After spending most of Researching Religion advocating quantitative methods, Bruce comes out in a full-throated roar supporting the ethics of qualitative research. Bruce’s treatment of research ethics focuses on the issue of informed consent and what that implies for research on religion. I wholeheartedly agree with Bruce’s opposition to radical applications of informed consent for unobtrusive and participant observation research. If a person agrees to tell you what they think about religion, how does that harm them if you use it in a publication that will be read by a small cadre of scholars? Indeed, as Bruce notes, many subjects tell you what they think without prompting. Human subjects committees are often overly harsh in dealing with research proposals regarding religion and qualitative sociology in general. Bruce offers many cogent observations about this problem. I hope that his contribution will help generate pushback against the assertion by university bureaucrats that asking people questions about common things is somehow a violation of their privacy or an assault on their personhood.
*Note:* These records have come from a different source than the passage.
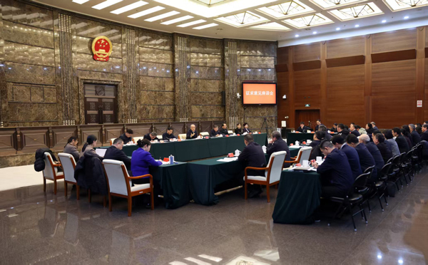 最高法党组成员、副院长王中明主持。最高法党组成员、副院长茅仲华、李勇,党组成员、政治部主任孙镇平,党组成员、副院长高晓力,审判委员会专职委员刘贵祥、王淑梅,最高法有关单位负责同志参加会议。(记者:白龙飞丨摄影:孙若丰)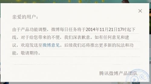 11月21日消息,騰訊微博發(fā)布公告稱,由于產(chǎn)品功能調(diào)整,微博每日任務(wù)將于11月21日17時起下線,這也表示騰訊微博在日常運營方面的進(jìn)一步減少投入。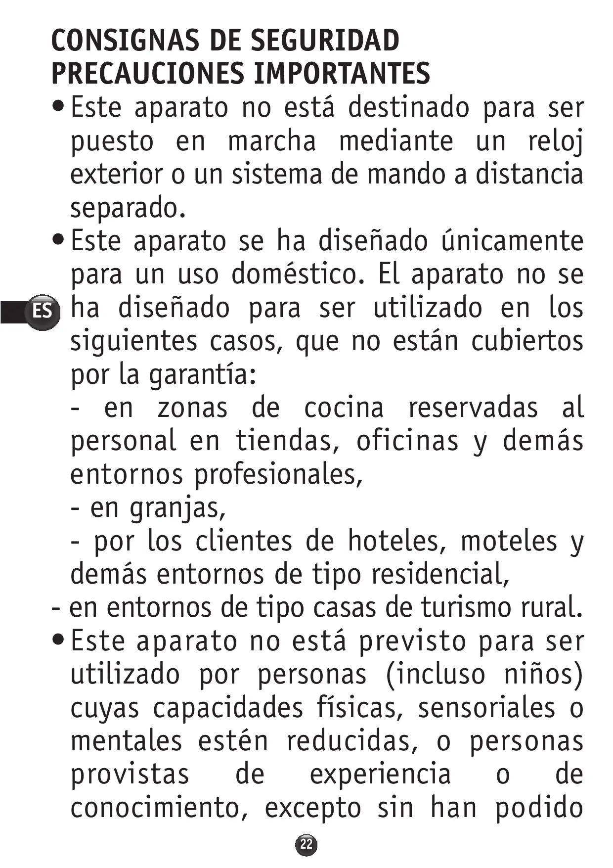 • Este aparato no está destinado para ser puesto en marcha mediante un reloj exterior o un sistema de mando a distancia separado. • Este aparato se ha diseñado únicamente para un uso doméstico. El aparato no se ES ha diseñado para ser utilizado en los siguientes casos, que no están cubiertos por la garantía: - en zonas de cocina reservadas al personal en tiendas, oficinas y demás entornos profesionales, - en granjas, - por los clientes de hoteles, moteles y demás entornos de tipo residencial, - en entornos de tipo casas de turismo rural. • Este aparato no está previsto para ser utilizado por personas (incluso niños) cuyas capacidades físicas, sensoriales o mentales estén reducidas, o personas provistas de experiencia o de conocimiento, excepto sin han podido 22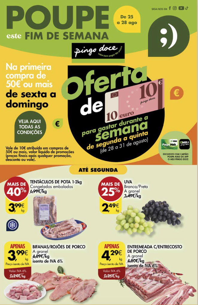 Consulte o novo folheto de promoções PINGO DOCE Fim de Semana – De 25 a 28 Agosto.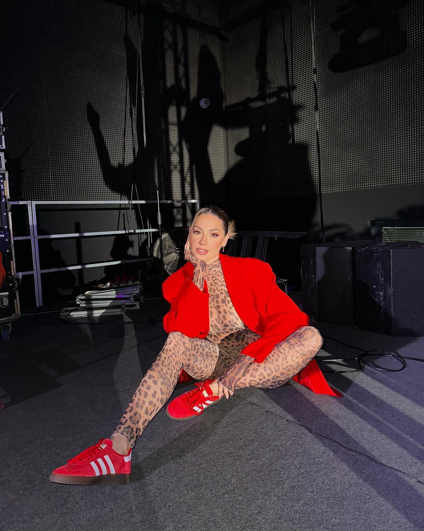 Modne vplivnice se navdušujejo nad leopardjimi pajaci, s katerimi ni mogoče ostati neopažen. Hrvaška pevka Sara Jo ga je skombinirala z rdečim oversized suknjičem in mu z rdečimi supergami Adidas Samba dodala pridih ležernosti.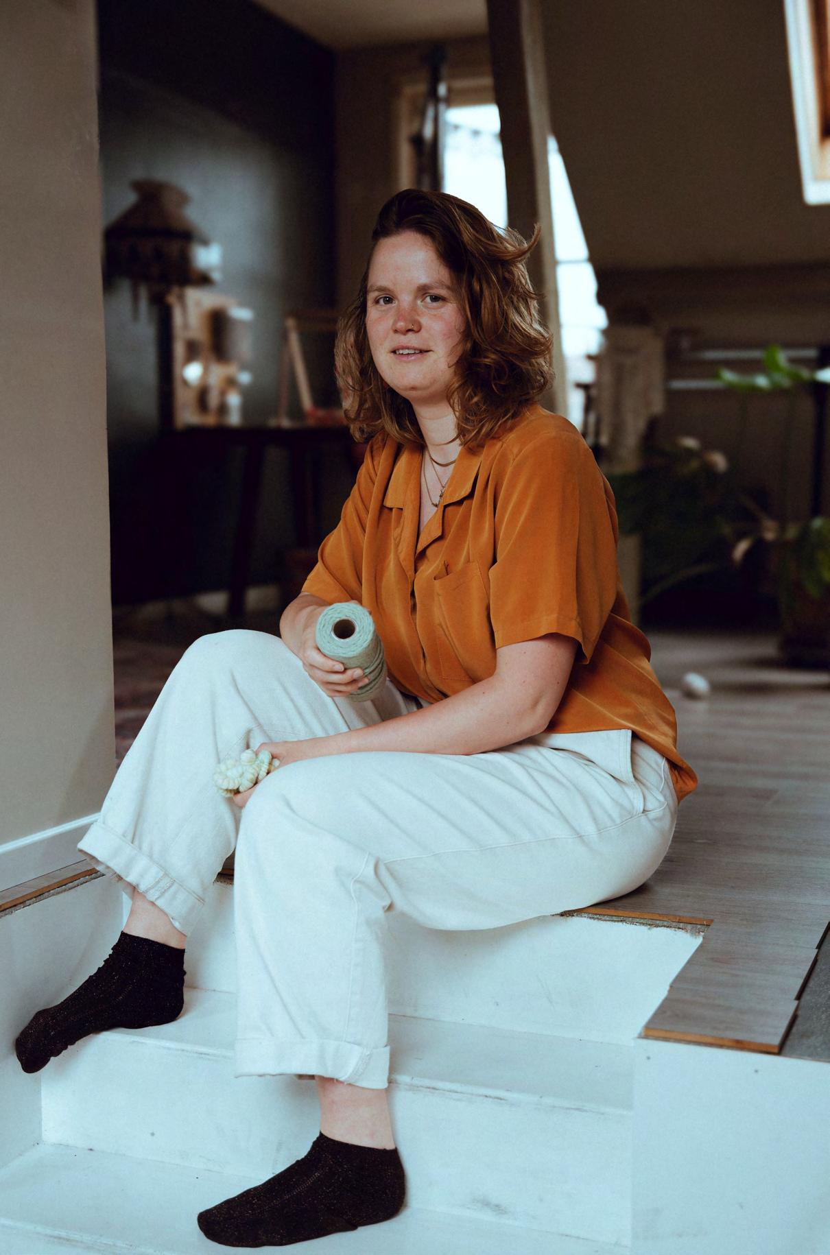 “Ik wil meer te weten komen over de ambacht op zich. Ik zou graag zelf leren spinnen en kaarden, om mijn eigen wol te kunnen maken. Met kaarden kan je kleuren en materialen mengen. Mijn eigen garen leren spinnen, dat is ook wel een droom, maar niet zo evident. Eigenlijk wil ik dat het hele proces, van begin tot einde, door mijzelf gemaakt is. Ik zou ook wel een eigen atelier willen in het centrum van Brugge. Om andere makers te leren kennen of een pop-up shop te kunnen doen samen met anderen. Het duurde even voor ik me comfortabel voelde bij het delen van mijn werk, maar toen anderen interesse kregen om werk te kopen of bestellen op maat, werd ik een stuk zelfverzekerder.”
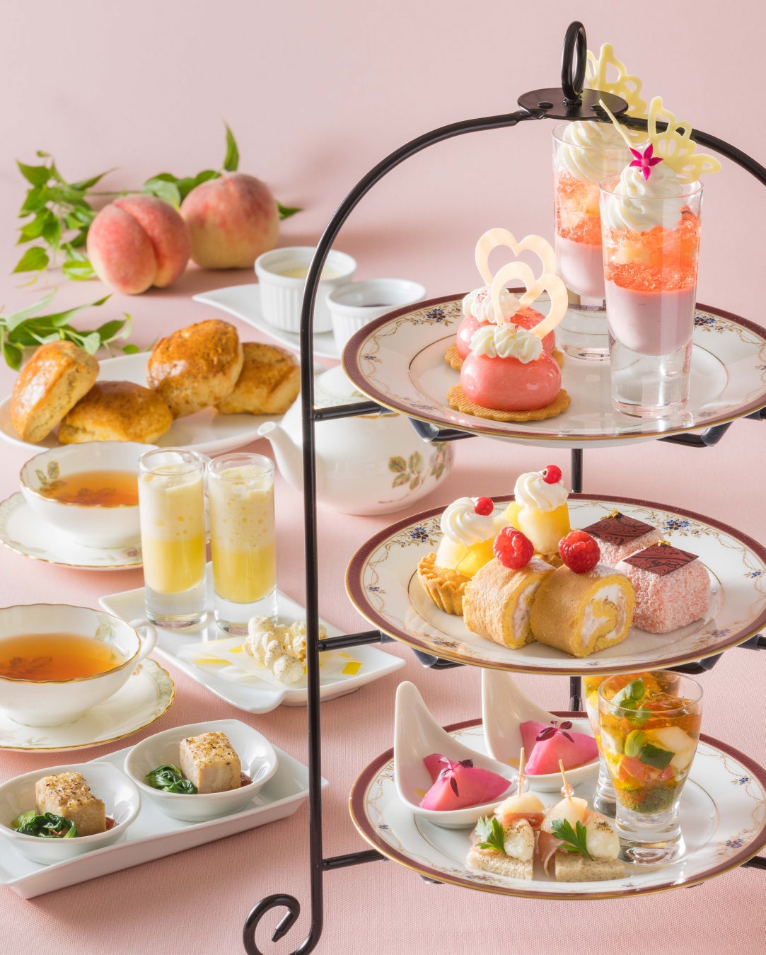 瑞々しいジューシーな桃スイーツで桃色のティータイムを「桃のアフタヌーンティーセット」

Bruce concludes his book with a substantive chapter on religious conversion and a thorough discussion of the use of theory in religious research. The two chapters on theory cover the dominant theorists used by U.K. sociologists of religion, as well as a relative assessment of the value of normative, agenda-setting, explanatory, and rational actor models. Bruce’s critique of the supply side rational choice model is both thorough and convincing; however, his presentation of rational actor models of religion ignores demand side alternatives that focus on preference formation, normative constraints, and social networks.
Researching Religion joins a growing set of recent works on methodological issues in the sociology of religion. Bruce’s book is an important work that should be read by any serious sociologist of religion. It is exceptionally well written and engaging, and it provides American readers with a thorough overview of research from the United Kingdom. I hope that it is also noticed by religious studies scholars outside of sociology. It should be required reading in religious studies.